Your objective>
Word for word, and with pictures excluded, copy out all the records that follow.

Items from a dataset:
====

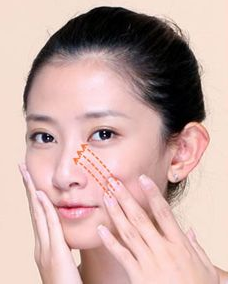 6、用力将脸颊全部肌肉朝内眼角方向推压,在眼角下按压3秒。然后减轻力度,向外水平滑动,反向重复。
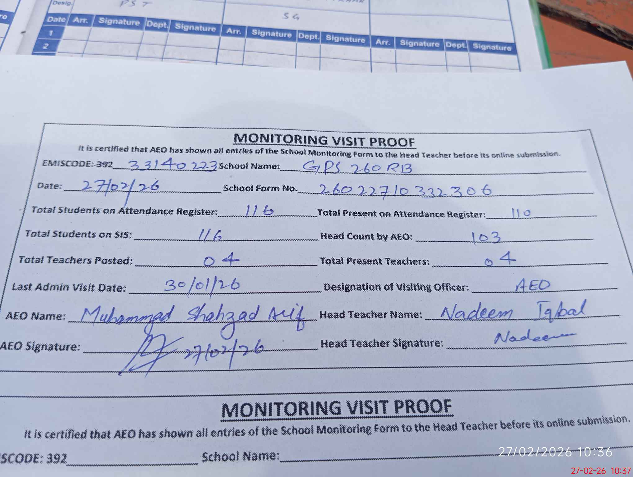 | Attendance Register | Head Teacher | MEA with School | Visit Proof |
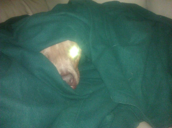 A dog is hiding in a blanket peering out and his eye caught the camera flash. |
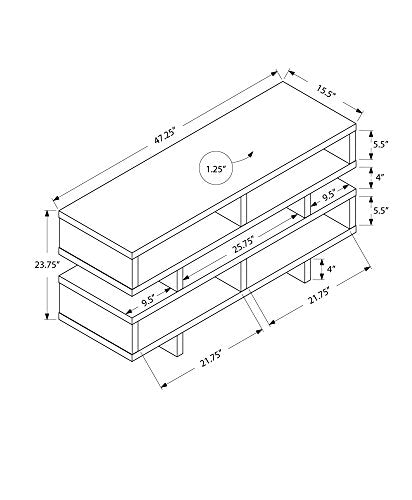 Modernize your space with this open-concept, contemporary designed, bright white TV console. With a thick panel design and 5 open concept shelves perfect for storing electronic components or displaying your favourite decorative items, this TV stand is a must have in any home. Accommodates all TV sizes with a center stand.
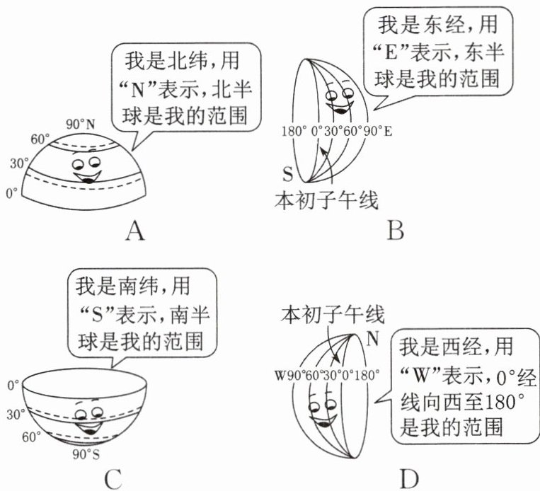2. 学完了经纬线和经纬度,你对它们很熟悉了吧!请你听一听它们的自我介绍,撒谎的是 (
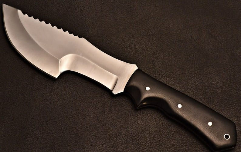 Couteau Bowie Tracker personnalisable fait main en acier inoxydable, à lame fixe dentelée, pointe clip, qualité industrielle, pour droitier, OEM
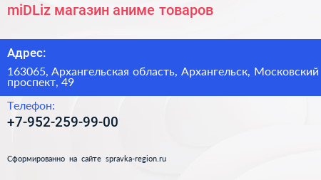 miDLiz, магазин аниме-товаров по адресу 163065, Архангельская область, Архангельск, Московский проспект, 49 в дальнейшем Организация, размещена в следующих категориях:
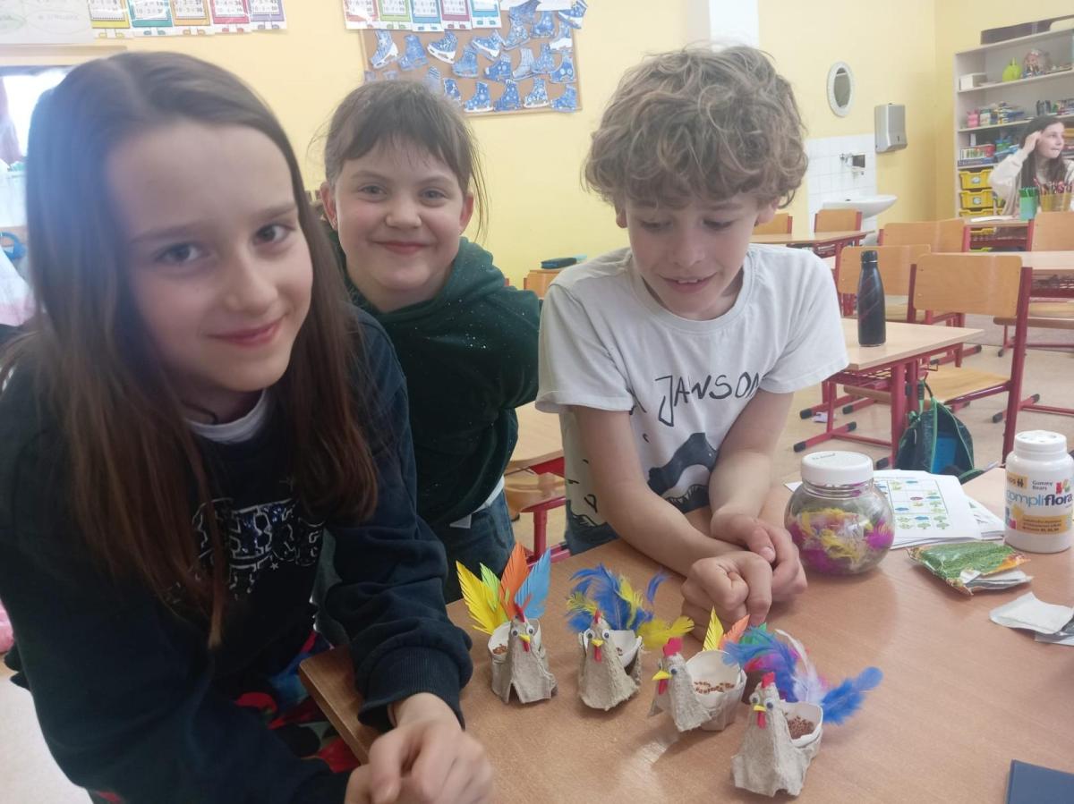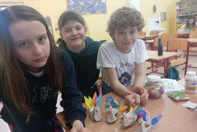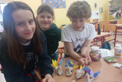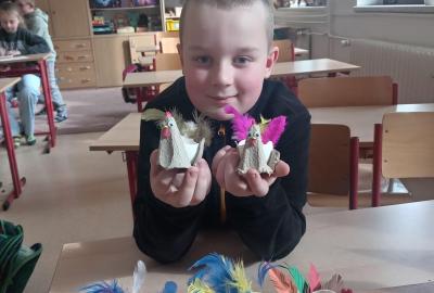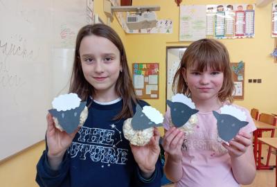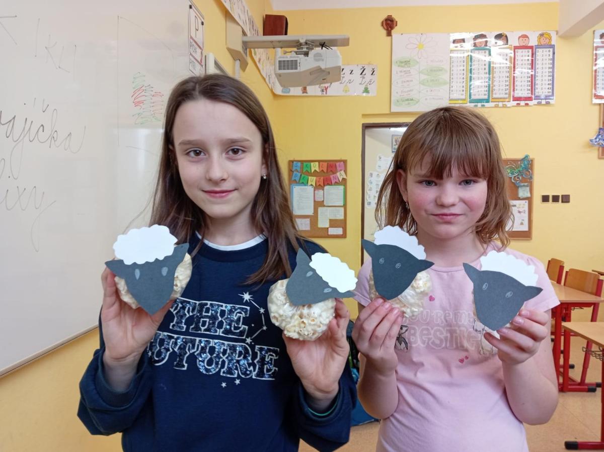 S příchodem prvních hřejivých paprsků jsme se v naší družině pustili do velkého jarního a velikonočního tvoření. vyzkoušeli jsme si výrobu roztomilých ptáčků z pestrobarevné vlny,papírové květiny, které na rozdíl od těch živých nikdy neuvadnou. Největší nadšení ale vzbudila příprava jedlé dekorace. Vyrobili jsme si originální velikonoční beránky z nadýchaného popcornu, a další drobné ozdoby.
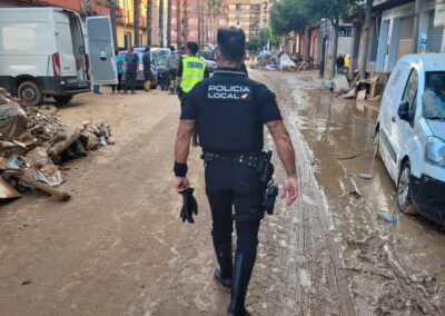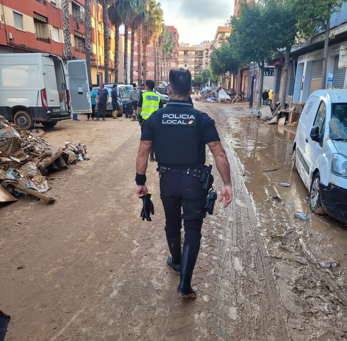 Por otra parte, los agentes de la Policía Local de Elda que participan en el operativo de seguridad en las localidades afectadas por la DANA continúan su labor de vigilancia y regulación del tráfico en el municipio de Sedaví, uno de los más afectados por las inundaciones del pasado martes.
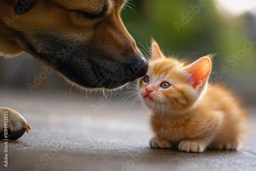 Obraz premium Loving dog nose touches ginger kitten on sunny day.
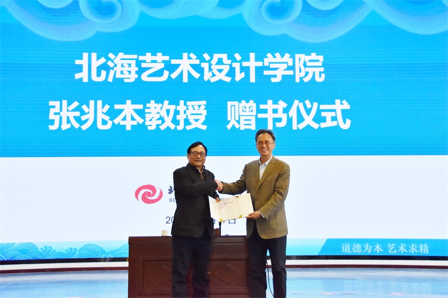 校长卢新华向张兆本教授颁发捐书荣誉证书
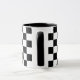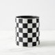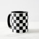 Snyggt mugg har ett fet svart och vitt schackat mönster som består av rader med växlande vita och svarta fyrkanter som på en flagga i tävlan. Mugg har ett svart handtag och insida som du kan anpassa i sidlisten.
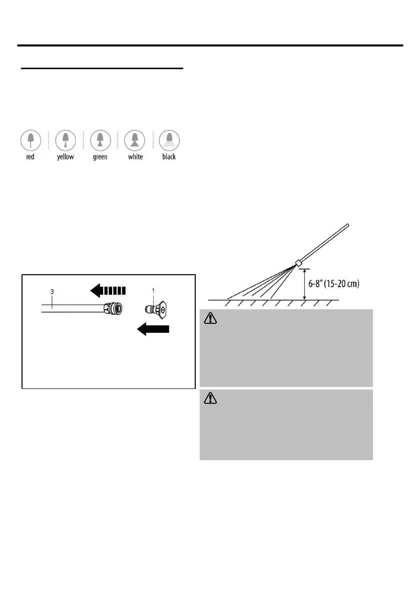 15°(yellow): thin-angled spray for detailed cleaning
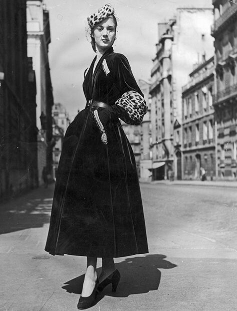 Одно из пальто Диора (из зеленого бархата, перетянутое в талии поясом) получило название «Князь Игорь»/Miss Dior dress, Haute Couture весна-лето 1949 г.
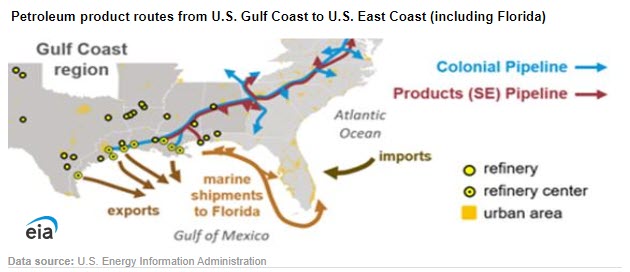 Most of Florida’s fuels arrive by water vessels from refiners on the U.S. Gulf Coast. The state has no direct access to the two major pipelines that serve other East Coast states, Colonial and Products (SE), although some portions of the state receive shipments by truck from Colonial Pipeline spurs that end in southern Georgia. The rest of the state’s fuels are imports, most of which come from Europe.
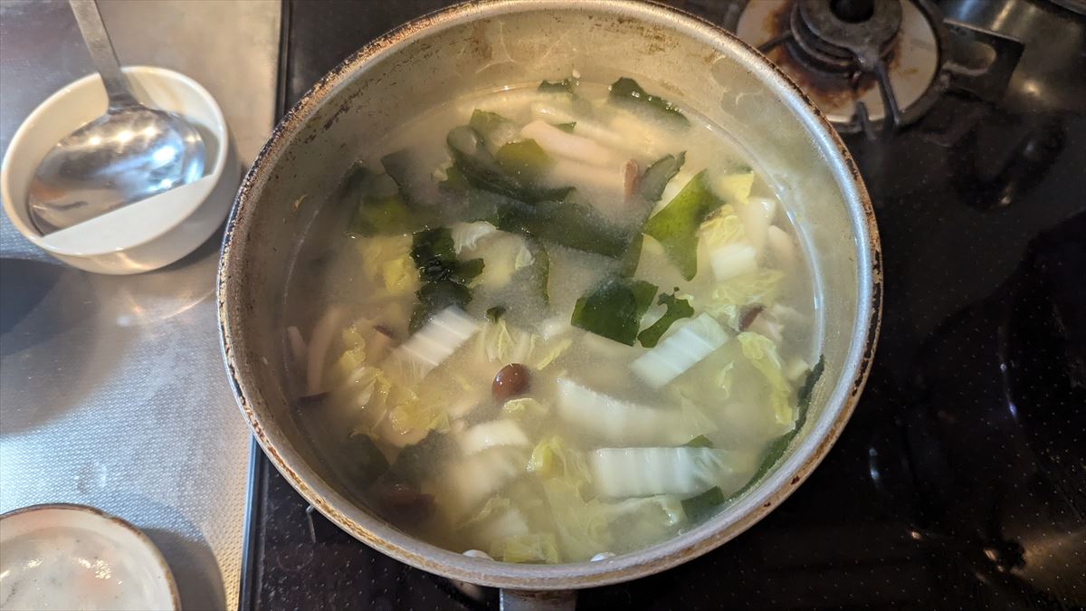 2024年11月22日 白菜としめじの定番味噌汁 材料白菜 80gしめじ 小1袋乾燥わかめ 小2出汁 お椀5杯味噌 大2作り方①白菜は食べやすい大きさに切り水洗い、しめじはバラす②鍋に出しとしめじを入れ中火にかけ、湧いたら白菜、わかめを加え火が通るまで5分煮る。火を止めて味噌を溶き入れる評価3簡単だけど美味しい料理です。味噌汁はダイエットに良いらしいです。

====

Task answer>
 6、用力将脸颊全部肌肉朝内眼角方向推压,在眼角下按压3秒。然后减轻力度,向外水平滑动,反向重复。
 | Attendance Register | Head Teacher | MEA with School | Visit Proof |
 A dog is hiding in a blanket peering out and his eye caught the camera flash. |
 Modernize your space with this open-concept, contemporary designed, bright white TV console. With a thick panel design and 5 open concept shelves perfect for storing electronic components or displaying your favourite decorative items, this TV stand is a must have in any home. Accommodates all TV sizes with a center stand.
2. 学完了经纬线和经纬度,你对它们很熟悉了吧!请你听一听它们的自我介绍,撒谎的是 (
 Couteau Bowie Tracker personnalisable fait main en acier inoxydable, à lame fixe dentelée, pointe clip, qualité industrielle, pour droitier, OEM
 miDLiz, магазин аниме-товаров по адресу 163065, Архангельская область, Архангельск, Московский проспект, 49 в дальнейшем Организация, размещена в следующих категориях:
 S příchodem prvních hřejivých paprsků jsme se v naší družině pustili do velkého jarního a velikonočního tvoření. vyzkoušeli jsme si výrobu roztomilých ptáčků z pestrobarevné vlny,papírové květiny, které na rozdíl od těch živých nikdy neuvadnou. Největší nadšení ale vzbudila příprava jedlé dekorace. Vyrobili jsme si originální velikonoční beránky z nadýchaného popcornu, a další drobné ozdoby.
 Por otra parte, los agentes de la Policía Local de Elda que participan en el operativo de seguridad en las localidades afectadas por la DANA continúan su labor de vigilancia y regulación del tráfico en el municipio de Sedaví, uno de los más afectados por las inundaciones del pasado martes.
 Obraz premium Loving dog nose touches ginger kitten on sunny day.
 校长卢新华向张兆本教授颁发捐书荣誉证书
 Snyggt mugg har ett fet svart och vitt schackat mönster som består av rader med växlande vita och svarta fyrkanter som på en flagga i tävlan. Mugg har ett svart handtag och insida som du kan anpassa i sidlisten.
 15°(yellow): thin-angled spray for detailed cleaning
 Одно из пальто Диора (из зеленого бархата, перетянутое в талии поясом) получило название «Князь Игорь»/Miss Dior dress, Haute Couture весна-лето 1949 г.
 Most of Florida’s fuels arrive by water vessels from refiners on the U.S. Gulf Coast. The state has no direct access to the two major pipelines that serve other East Coast states, Colonial and Products (SE), although some portions of the state receive shipments by truck from Colonial Pipeline spurs that end in southern Georgia. The rest of the state’s fuels are imports, most of which come from Europe.
 2024年11月22日 白菜としめじの定番味噌汁 材料白菜 80gしめじ 小1袋乾燥わかめ 小2出汁 お椀5杯味噌 大2作り方①白菜は食べやすい大きさに切り水洗い、しめじはバラす②鍋に出しとしめじを入れ中火にかけ、湧いたら白菜、わかめを加え火が通るまで5分煮る。火を止めて味噌を溶き入れる評価3簡単だけど美味しい料理です。味噌汁はダイエットに良いらしいです。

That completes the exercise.